All marriages go through its ups and downs and sometimes, it appears that the downs happen more frequently the longer you stay married. If you fear your marriage is slowly draining the life out of your relationship, stop blaming the marriage! The answer is definitely not divorce because if you both love each other, nothing is unsolvable.
By focusing on these 6 steps to rekindling the love you have for each other and decreasing the times you argue and disagree, you will be saving your marriage and your belief in each other and the relationship. Surely as a couple, you are worth the effort.
Step 1. De-stressing the Communication Lines
Are you in that stage where you don’t hear each other anymore? A stage where all you can hear are judgment calls, resentment, and anger or disappointment? Can you still talk amicably for hours without getting on each other’s nerves? If not, you need to de-stress the communication lines and close that gap. It starts with listening…
- Listen to the message, ignore the messenger. You might be surprised that you are pre-judging your spouse even before the conversation gets going. If you can let go of this obstacle, you and your spouse will be able to have fun talking to each other and even be excited to sit down for a meal, after dinner chats, and bedroom whispers.

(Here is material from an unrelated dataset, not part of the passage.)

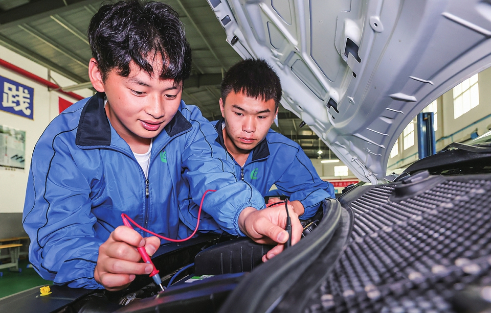 ▲4月27日,在贵州省黔东南苗族侗族自治州岑巩县中等职业学校,学生在实训室学习汽车修理技术。新华社发(胡攀学摄)

Step 2. Time To Let Go of Deep-Seated Emotions
Do you love your spouse or are you too busy fighting your spouse to think about love? Even love and passion can become deep-seated emotions, not just anger and resentment. Imagine what one sincere apology could do to release all that passion, love, and negative feelings? You will feel lighter, ready to face any challenges, and start to see your spouse as the person you feel in love with rather than the one who is constantly challenging you. Say sorry and mean it but don’t demand that your spouse do the same. Let it come without prodding or force and if the apology never comes, so what? You were able to let it all go and you’ll be able to carry the marriage through this difficult time.
Step 3. It’s No One’s Fault
Go forward, don’t go back. What’s the point in rehashing past mistakes?
Step 4. Start The Appreciation Game
This is a game that couples play when they go on a retreat together. They list down the things they appreciate in each other and then each one gets a chance to read the list to the other. You’d be surprised how uplifting this can be for your marriage and self-esteem.
Step 5. See A Marriage Counselor
At one point, you should visit a marriage counselor. This person can help you confirm that you are on the right track to saving your marriage. If you’re still hitting roadblocks, the counselor can assist you in breaking down these barriers.
Step 6. Spend Time Together
No marriage will work out perfectly but marriages can be fun, exciting, romantic, secure, and be the kind of relationship that will make you smile for no reason at all. You can get it to this stage by spending more time together – just the 2 of you some of the time and with the children on other occasions. Learn to laugh together, avoid pointing out faults and placing blame, and start enjoying each other’s company. It won’t be easy at the start but don’t give up. It gets easier the more time you spend together as friends and lovers.